Spanish commercial real estate returns are back to double digits, according to MSCI.

Returns last year reached 10.1%, up from 0.3% in 2013.

The result is the first time MSCI’s IPD Spain Annual Property Index has reached double figures since 2007’s figure of 12.4%.

The index measures un-geared total returns on directly held property.

Industrial was the best-performing sector, with a total return of 14.4%.

Retail, however, was the worst performer, although a total return of 9.7% was recorded in a sharp rise from the -1.5% in 2013. 
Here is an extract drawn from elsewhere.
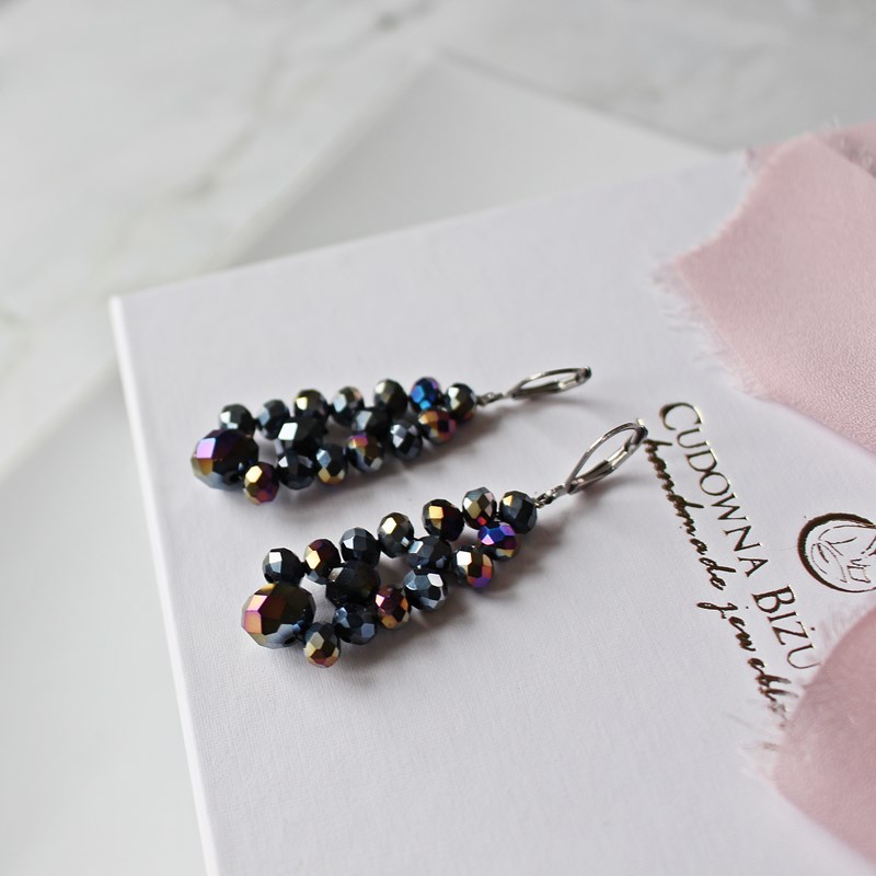 Oferuje kolczyki w pięknym czarnym kolorze z tęczową poświatą. Biżuteria wykonana ze szklanych fasetowanych kryształów.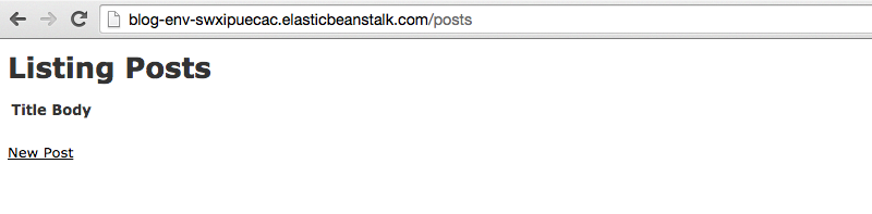 I previously posted instructions a year ago about how to do this in rails 4.1 on an old version of Elastic Beanstalk. This is the updated version. Deploying Rails apps can be tricky. For simple projects, tools like can be perfect. It’s great for prototyping apps and testing out different ideas without a lot of hassle. However, when your project gets more complicated and you want to have better control of your servers, load balancers, workers, auto-scaling conditions, etc, you will not have the flexibility you desire. Heroku There are many services that can be used to get a Rails app up and running quickly while still keeping full control of your infrastructure. One reasonable option is Amazon’s . The service is aptly described by Amazon as follows: Elastic Beanstalk AWS Elastic Beanstalk makes it even easier for developers to quickly deploy and manage applications in the AWS cloud. Developers simply upload their application, and Elastic Beanstalk automatically handles the deployment details of capacity provisioning, load balancing, auto-scaling, and application health monitoring. Now that Amazon having a fully-managed postgres-backed Rails app has never been easier! supports PostgreSQL via RDS You can find all of the code for this post at github.com/jtescher/example-rails-4.2-elastic-beanstalk-blog If you get stuck or have other issues the is pretty good. documentation for Elastic Beanstalk Getting Started Sign up for an account via the instructions at the and then download the Elastic Beanstalk Command Line Tools via Homebrew (or for PC). AWS AWS Console here $ brew update$ brew install aws-elasticbeanstalk Initialize the Rails app The most current version of rails at the time of this writing is 4.2.1 so that’s what we will use now. $ gem install rails -v 4.2.1$ rails new blog$ cd blog$ git init && git add -A && git commit -m "Add rails scaffold" Scaffold a Post resource We will be creating a simple example app that allows you to manipulate posts. To generate this in Rails use: $ rails generate scaffold post title:string body:text$ bundle exec rake db:migrate$ git add -A && git commit -am "Add post resource" Initialize the Elastic Beanstalk app Now we can initialize a new Beanstalk app through the eb command. $ eb init I would choose the following settings, but for a description of each option see the AWS example . here Select a default region3) us-west-2 : US West (Oregon) Select an application to use[ Create new Application ] Enter Application NameblogApplication blog has been created. It appears you are using Ruby. Is this correct?(y/n): y Select a platform version. Ruby 2.2 (Puma) Do you want to set up SSH for your instances?(y/n): n This will set up a .elasticbeanstalk directory in the root of your project and add it to your .gitignore file. You do not want your configuration stored in git because there could be private information in there. Let’s commit those changes now: $ git commit -am "Ignore elasticbeanstalk settings" Creating the Elastic Beanstalk environment You can have many environments per Elastic Beanstalk application. This can be useful for having both dev and production environments for the same app. To create a new environment, run the following: $ eb create blog-env: Creating application version archive "b303".Uploading blog/b303.zip to S3. This may take a while.Upload Complete.Environment details for: blog-envApplication name: blogRegion: us-west-2Deployed Version: b303Environment ID: e-g5mkeawrnzPlatform: 64bit Amazon Linux 2015.03 v1.3.0 running Ruby 2.2 (Puma)Tier: WebServer-StandardCNAME: UNKNOWNUpdated: 2015-04-19 23:38:50.955000+00:00Printing Status:INFO: createEnvironment is starting.INFO: Using elasticbeanstalk-us-west-2-83376862866 as Amazon S3 storage bucket for environment data.INFO: Created load balancer named: awseb-e-g-AWSEBLoa-7R0CSEMQ6W2MINFO: Created security group named: awseb-e-g5mkeawrnz-stack-AWSEBSecurityGroup-56IUD2ZYQ5FRINFO: Created Auto Scaling launch configuration named: awseb-e-g5mkeawrnz-stack-AWSEBAutoScalingLaunchConfigurat...INFO: Created Auto Scaling group named: awseb-e-g5mkeawrnz-stack-AWSEBAutoScalingGroup-2URXDKL0NCIJINFO: Waiting for EC2 instances to launch. This may take a few minutes.INFO: Created Auto Scaling group policy named: arn:aws:autoscaling:us-west-2:833768628226:scalingPolicy:02920f8b...INFO: Created Auto Scaling group policy named: arn:aws:autoscaling:us-west-2:833768628666:scalingPolicy:b143cea1...INFO: Created CloudWatch alarm named: awseb-e-g5mkeawrnz-stack-AWSEBCloudwatchAlarmHigh-APCUnlMHNIS1INFO: Created CloudWatch alarm named: awseb-e-g5mkeawrnz-stack-AWSEBCloudwatchAlarmLow-1UL48B2CC2OM8INFO: Added EC2 instance 'i-7f4b6eb7' to Auto Scaling Group 'awseb-e-g7mkeawrnz-stack-AWSEBAutoScalingGroup-2URX...INFO: Application available at blog-env-zckzptpdgy.elasticbeanstalk.com.INFO: Successfully launched environment: blog-env The environment should now be running. To see the status and URL: $ eb statusEnvironment details for: blog-envApplication name: blogRegion: us-west-2Deployed Version: b303Environment ID: e-g5mkeawrnPlatform: 64bit Amazon Linux 2015.03 v1.3.0 running Ruby 2.2Tier: WebServer-StandardCNAME: blog-env-zckzptpdg2.elasticbeanstalk.comUpdated: 2015-04-19 23:51:59.259000+00:00Status: ReadyHealth: Green The last thing that we have to do to get Rails set up is to add a environment variable. SECRET_KEY_BASE To generate a new secret key use: $ rake secretf655b5cfeb452e49d9182c6b5e6856704e6e1674082fa1e5f1a330782bad1833ba4cc30951e094f9250c87573dc0bbd3d46d37c5d79ff57... Then in order to add the secret to your elastic beanstalk environment, use: $ eb setenv SECRET_KEY_BASE=f655b5cfeb452e49d9182c6b5e6856704e6e1674082fa1e5f1a330782bad1833ba4cc30951e094f9250... Now if you navigate to [YOUR-ENV].elasticbeanstalk.com/posts you should see your posts index view: Using PostgreSQL with Rails Right now our app is just using SQLite, which is not made for production use and cannot be shared across instances. We c

All sectors showed positive total returns thanks to their positive capital growth led by industrial, which grew at 6.7%, followed by office at 4.7% and retail close behind at 3.1%.

Elsa Galindo, MSCI senior associate, said that, after “many years of negative and sometimes cataclysmic return levels”, favourable trends in macroeconomic fundamentals have had a positive impact on confidence levels within the real estate sector.
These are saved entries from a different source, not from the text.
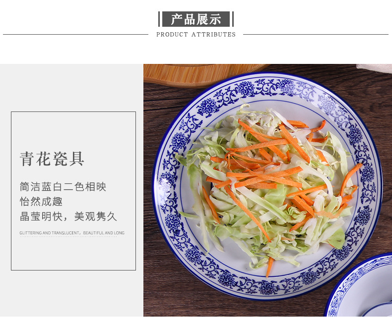 青花磁器のご飯の皿の深皿の家庭用の皿の野菜の皿の唐辛子の魚の頭の皿のホテルの食器のスープの皿の大皿は電子レンジができます。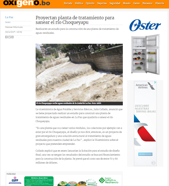 10/11/2017.- Como una solución estructural al tratamiento de aguas residuales de la ciudad de La Paz, se proyecta construir una planta de tratamiento que ayudaría a sanear el río Choqueyapu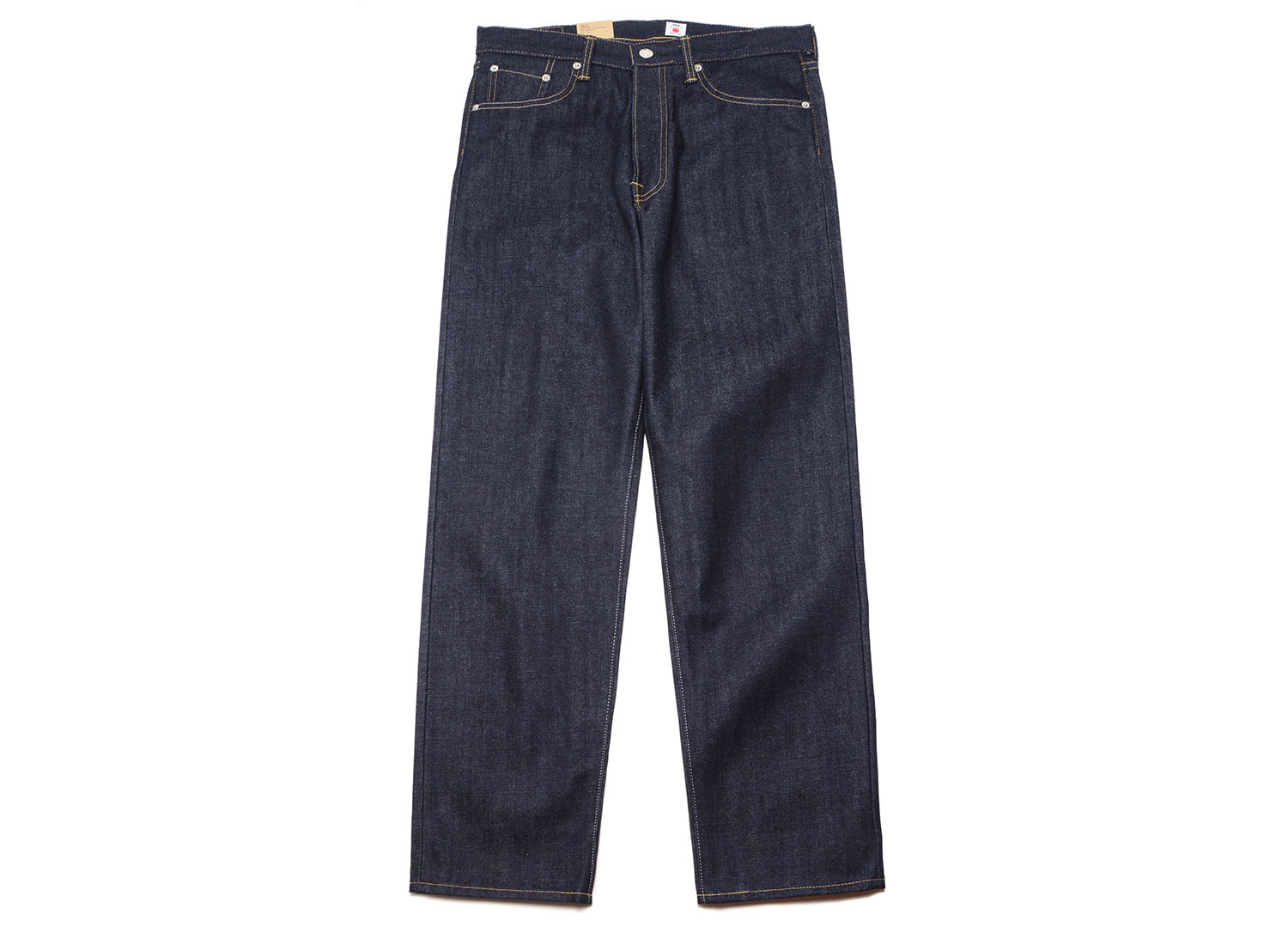 EDWIN Loose Fit Kurabo Denim Red Selvage Blue Unwashed I034256. Coupe loose droite. Taille haute. Denim japonais KURABO 14oz 100% coton recyclé. Red Selvedge. Braguette boutonnée. Patch en papier 100 % pulpe au dos. Fabriqué au Japon

“Capital values have increased, driven by the recovery in fundamentals and by the high liquidity existing in the market,” Galindo said. 
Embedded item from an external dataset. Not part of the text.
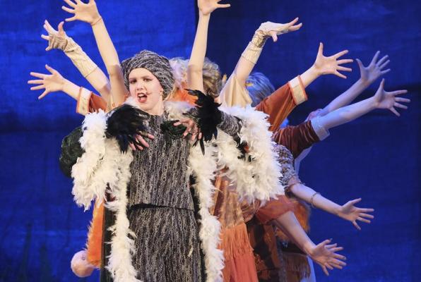 На сцене под живой оркестр танцуют и поют взрослые актеры вместе с детьми.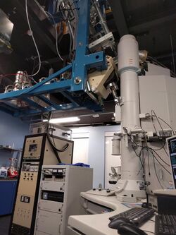 - ↑ Hinks, J.A. (1 December 2009). "A review of transmission electron microscopes with in situ ion irradiation". Nuclear Instruments and Methods in Physics Research Section B: Beam Interactions with Materials and Atoms 267 (23–24): 3652–3662. doi:10.1016/j.nimb.2009.09.014. Bibcode: 2009NIMPB.267.3652H.

“Investors will hope the 2014 index results will mark an important part of the economic cycle as we see a gradual recovery both in the real estate market and in the Spanish economy as a whole.”

Spanish commercial property outperformed the domestic equity market, which returned 8.9%, but underperformed bonds, which delivered 24.5% last year.

The recovery in commercial property total returns was driven by a positive capital growth of 4.2%, compared with a 4.9% fall in 2013.

The rsie was the first time capital values have increased after six consecutive years of falls.

Income return remained stable at 5.6%.